#### [TRY IT]
Return exactly the lines of the records below, starting at the line that contains "치킨 중간중간에 연근이 보이네요 ㅎㅎ" and ending at the line that contains "3、根據(jù)大豆玉米間作", with both of those lines kept.

#### [DATA FOR THE TASK]
★ ★ ★
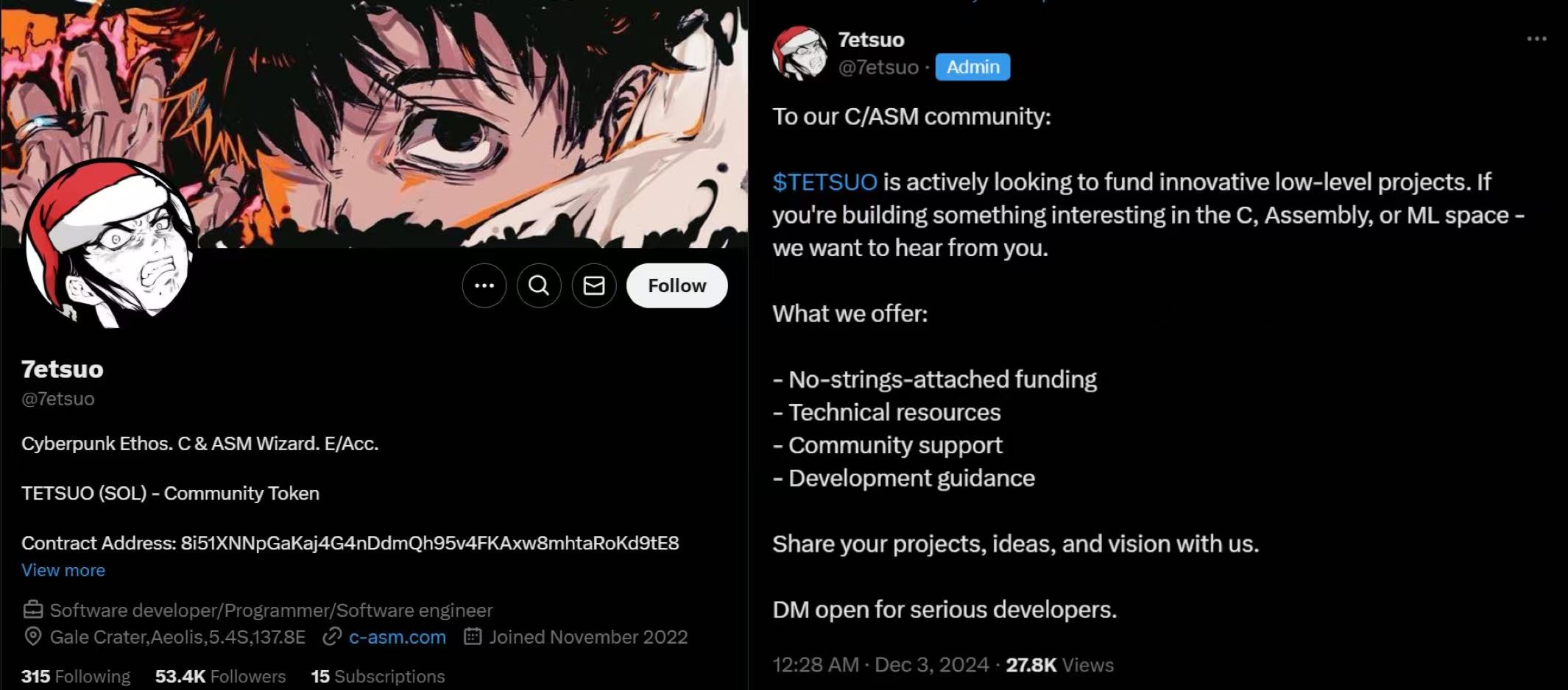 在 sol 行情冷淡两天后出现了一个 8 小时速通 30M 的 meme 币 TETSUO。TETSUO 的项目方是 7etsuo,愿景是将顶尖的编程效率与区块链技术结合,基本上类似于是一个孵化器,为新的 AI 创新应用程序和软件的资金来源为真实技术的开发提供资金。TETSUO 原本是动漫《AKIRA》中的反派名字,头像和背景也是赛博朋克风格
★ ★ ★
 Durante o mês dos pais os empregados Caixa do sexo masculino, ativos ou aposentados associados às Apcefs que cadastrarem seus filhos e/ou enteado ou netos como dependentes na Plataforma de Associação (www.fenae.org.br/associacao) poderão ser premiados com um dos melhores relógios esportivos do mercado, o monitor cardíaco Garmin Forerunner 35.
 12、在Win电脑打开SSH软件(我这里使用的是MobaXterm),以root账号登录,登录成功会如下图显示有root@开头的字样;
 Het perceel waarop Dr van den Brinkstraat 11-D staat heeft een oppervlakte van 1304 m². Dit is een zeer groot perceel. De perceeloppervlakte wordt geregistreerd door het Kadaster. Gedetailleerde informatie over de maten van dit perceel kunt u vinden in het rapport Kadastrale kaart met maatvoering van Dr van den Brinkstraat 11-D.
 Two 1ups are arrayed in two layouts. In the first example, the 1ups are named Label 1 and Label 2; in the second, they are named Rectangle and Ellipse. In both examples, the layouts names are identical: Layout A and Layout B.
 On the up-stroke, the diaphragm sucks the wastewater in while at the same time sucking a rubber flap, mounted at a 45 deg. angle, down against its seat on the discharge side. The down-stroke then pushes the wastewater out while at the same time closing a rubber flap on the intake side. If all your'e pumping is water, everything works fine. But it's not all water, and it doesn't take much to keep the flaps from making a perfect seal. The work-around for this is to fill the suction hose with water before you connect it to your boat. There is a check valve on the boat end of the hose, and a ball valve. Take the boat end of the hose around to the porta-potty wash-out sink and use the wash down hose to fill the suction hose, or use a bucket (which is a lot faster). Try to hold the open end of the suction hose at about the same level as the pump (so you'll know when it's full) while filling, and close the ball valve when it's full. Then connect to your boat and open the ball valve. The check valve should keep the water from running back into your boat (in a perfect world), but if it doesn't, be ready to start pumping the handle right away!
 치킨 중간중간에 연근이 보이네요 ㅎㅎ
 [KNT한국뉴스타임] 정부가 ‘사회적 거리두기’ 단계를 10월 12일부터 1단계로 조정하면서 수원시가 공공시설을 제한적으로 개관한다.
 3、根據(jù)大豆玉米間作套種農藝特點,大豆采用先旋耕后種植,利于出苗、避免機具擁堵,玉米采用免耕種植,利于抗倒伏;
★ ★ ★
#### [TASK RESPONSE]
 치킨 중간중간에 연근이 보이네요 ㅎㅎ
 [KNT한국뉴스타임] 정부가 ‘사회적 거리두기’ 단계를 10월 12일부터 1단계로 조정하면서 수원시가 공공시설을 제한적으로 개관한다.
 3、根據(jù)大豆玉米間作套種農藝特點,大豆采用先旋耕后種植,利于出苗、避免機具擁堵,玉米采用免耕種植,利于抗倒伏;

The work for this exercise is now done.